Center for Biomaterials, Korea Institute of Science and Technology, PO Box 131, Cheongryang, Seoul, 130-650, Republic of Korea; Department of Biomolecular Science, Korea University of Science and Technology, 113 Gwahangno, Yuseong-gu, Daejeon, 305-333, Republic of Korea.
Sharjah Institute for Medical Research, University of Sharjah, Sharjah, 27272, United Arab Emirates.
Eur J Med Chem. 2021 Nov 15;224:113674. doi: 10.1016/j.ejmech.2021.113674. Epub 2021 Jun 29.

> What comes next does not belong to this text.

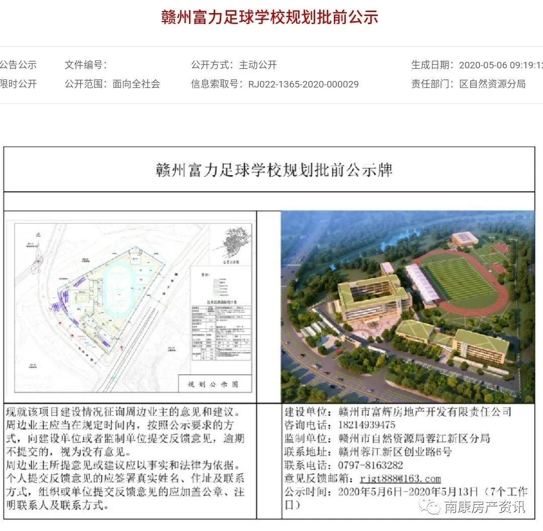 近日,小仙女获悉,赣州市第一所足球学校——赣州富力足球学校发布规划批前公示,效果图公布,建设单位为赣州市富辉房地产开发有限责任公司。

This article reports on novel imidazothiazole derivatives as first-in-class potent and selective ErbB4 (HER4) inhibitors. There are no other reported selective inhibitors of this kinase in the literature, that's why they are considered as first-in-class. In addition, none of the reported non-selective ErbB4 inhibitors possesses imidazothiazole nucleus in its structure. Therefore, there is novelty in this work in both kinase selectivity and chemical structure. Compounds Ik and IIa are the most potent ErbB4 kinase inhibitor (IC = 15.24 and 17.70 nM, respectively). Compound Ik showed promising antiproliferative activity. It is selective towards cancer cell lines than normal cells. Its ability to penetrate T-47D cell membrane and inhibit ErbB4 kinase inside the cells has been confirmed. Moreover, both compound Ik and IIa have additional merits such as weak potency against hERG ion channels and against CYP 3A4 and 2D6. Molecular docking and dynamic simulation studies were carried out to explain binding interactions.
这篇文章报道了新型咪唑并噻唑衍生物作为一类新型强效和选择性 ErbB4(HER4)抑制剂。目前文献中尚无其他报道的这种激酶的选择性抑制剂,这就是为什么它们被认为是一类新型抑制剂。此外,在文献报道的非选择性 ErbB4 抑制剂中,没有一种具有咪唑并噻唑核结构。因此,这项工作在激酶选择性和化学结构两方面都具有新颖性。化合物 Ik 和 IIa 是最有效的 ErbB4 激酶抑制剂(IC50 分别为 15.24 和 17.70 nM)。化合物 Ik 表现出有希望的抗增殖活性。它对癌细胞系比对正常细胞更具选择性。已经证实它能够穿透 T-47D 细胞膜并在细胞内抑制 ErbB4 激酶。此外,化合物 Ik 和 IIa 还有其他优点,例如对 hERG 离子通道和 CYP 3A4 和 2D6 的抑制作用较弱。进行了分子对接和动态模拟研究以解释结合相互作用。